In 2011-12, while composing a new work for the BBC Symphony Orchestra, Bohortha, I wrote a blog: about how the piece came into being, the choices I made, the highs and the lows of writing. When I mentioned this to Meurig Bowen, director of Cheltenham Music Festival, he pressed me to write another for my 2013 Festival commission; a companion to Benjamin Britten’s undisputed masterpiece, Serenade for Tenor, Horn and Strings. And so, what I thought was a one-off exercise in self-reflection has started up again.

I’m still right at the beginning of the process but the impulse to write has begun. The oven is switched on, I know the size of the tin, I have an idea of the flavour of the cake. But how I’m actually going to make it, the ingredients and their order, is mostly a mystery.

Still, I’m further on than I usually am at the start of a piece. I might have tried to ‘be myself’ by writing a work that would distance itself from the Britten but I knew then I would merely be fighting it the whole time. Instead, I will do what I have often done before: write a piece in relation to another – and make poignant expression out of the relationship.

Quickly flowing from this decision has come the notion of my piece beginning in the night-time world of the Serenade but then moving away from it. My piece will be a trajectory, physically and spiritually, from darkness towards light.

One sultry afternoon in Italy last summer, a clear set of dark, nocturnal sounds came into my head – clearly the gestures for the start of the piece.
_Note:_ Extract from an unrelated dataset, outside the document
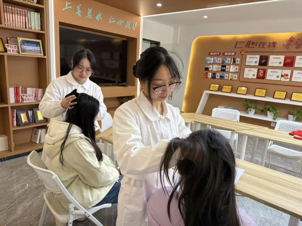 同时,校园健康服务体验活动同步开展,将专业技能与就业实践紧密结合。本次实践活动主要面向大二同学,重点强调了职场的前瞻性规划。在护理党支部书记工作室健康服务站,大二的志愿者们为师生提供血压测量、血糖检测等基础服务,并开展特色艾草精油砭石头疗护理。运用泗滨砭石刮痧板,搭配艾草精油,以专业手法舒缓头部经络、缓解身心压力,在实践中巩固中医护理、健康管理等核心技能。此次健康服务不仅是一次技能实践,更是一场贴近未来就业场景的实战演练,帮助同学们提前熟悉基层医疗、社区健康服务等岗位内容,进一步提升就业竞争力与职业认同感。

But what unnerved me, as I wrote out the first bars, was that I had no text.

What comes first, so the old question goes: music or words? But frankly it’s never happened to me this way round, even if music has often ‘taken over’ from the words in other pieces. How could I possibly find a text that would fit?

But I did – a poem by Byron entitled My Soul is Dark. And when I realized its scansion was the same as the first poem in Britten’s set, and that I had quite unconsciously written rhythms and pulsations alluding to the Britten, I knew this was no coincidence. These were, and are, good signs for things to come.

The finished piece will be premiered in the final concert of the Cheltenham Music Festival, Sunday 14th July, featuring tenor Toby Spence, horn player Richard Watkins, the City of London Sinfonia and conductor Stephen Layton.